__Aim of the exercise__:
Locate "In billbox durchlaufen" in the records below, then copy its line and every following line exactly, without the pictures.

__Record set__:
--------------------

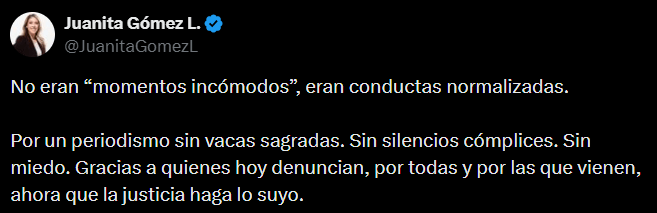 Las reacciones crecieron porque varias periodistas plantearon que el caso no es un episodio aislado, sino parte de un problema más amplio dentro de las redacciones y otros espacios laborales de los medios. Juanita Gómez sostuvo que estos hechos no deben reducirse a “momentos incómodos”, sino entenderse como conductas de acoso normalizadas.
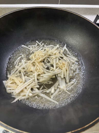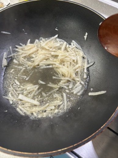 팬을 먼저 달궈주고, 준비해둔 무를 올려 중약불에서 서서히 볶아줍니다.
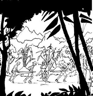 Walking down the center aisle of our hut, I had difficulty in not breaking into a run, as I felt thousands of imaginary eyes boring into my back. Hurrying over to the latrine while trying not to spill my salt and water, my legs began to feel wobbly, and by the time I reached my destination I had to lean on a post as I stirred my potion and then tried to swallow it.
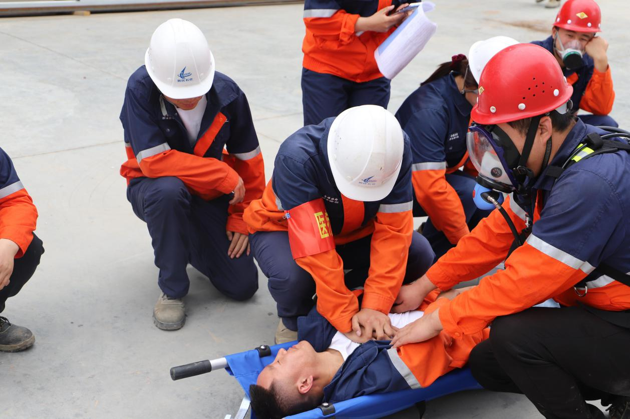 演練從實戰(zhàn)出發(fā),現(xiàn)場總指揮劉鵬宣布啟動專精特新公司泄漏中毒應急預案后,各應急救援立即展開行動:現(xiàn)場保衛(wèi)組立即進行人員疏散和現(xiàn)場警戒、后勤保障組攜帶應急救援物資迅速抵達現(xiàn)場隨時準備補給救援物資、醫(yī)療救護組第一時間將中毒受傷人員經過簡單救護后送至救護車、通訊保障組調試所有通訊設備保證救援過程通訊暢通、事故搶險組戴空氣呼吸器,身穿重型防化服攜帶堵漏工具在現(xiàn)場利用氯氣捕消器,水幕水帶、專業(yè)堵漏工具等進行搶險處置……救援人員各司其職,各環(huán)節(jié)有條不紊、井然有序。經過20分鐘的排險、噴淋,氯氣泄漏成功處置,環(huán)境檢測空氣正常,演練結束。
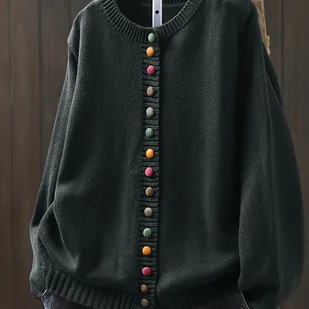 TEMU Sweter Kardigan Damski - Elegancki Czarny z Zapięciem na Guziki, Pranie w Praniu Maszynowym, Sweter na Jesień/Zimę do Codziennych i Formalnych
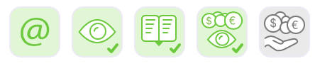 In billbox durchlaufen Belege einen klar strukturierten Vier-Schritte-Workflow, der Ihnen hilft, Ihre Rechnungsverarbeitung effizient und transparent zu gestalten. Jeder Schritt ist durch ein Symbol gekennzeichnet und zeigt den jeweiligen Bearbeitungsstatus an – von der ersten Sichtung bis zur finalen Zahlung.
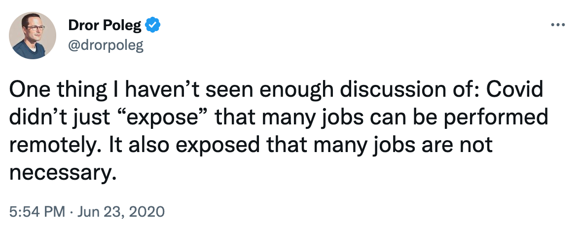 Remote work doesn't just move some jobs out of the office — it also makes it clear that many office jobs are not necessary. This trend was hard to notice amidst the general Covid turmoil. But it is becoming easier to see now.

--------------------

__Solved problem__:
 In billbox durchlaufen Belege einen klar strukturierten Vier-Schritte-Workflow, der Ihnen hilft, Ihre Rechnungsverarbeitung effizient und transparent zu gestalten. Jeder Schritt ist durch ein Symbol gekennzeichnet und zeigt den jeweiligen Bearbeitungsstatus an – von der ersten Sichtung bis zur finalen Zahlung.
 Remote work doesn't just move some jobs out of the office — it also makes it clear that many office jobs are not necessary. This trend was hard to notice amidst the general Covid turmoil. But it is becoming easier to see now.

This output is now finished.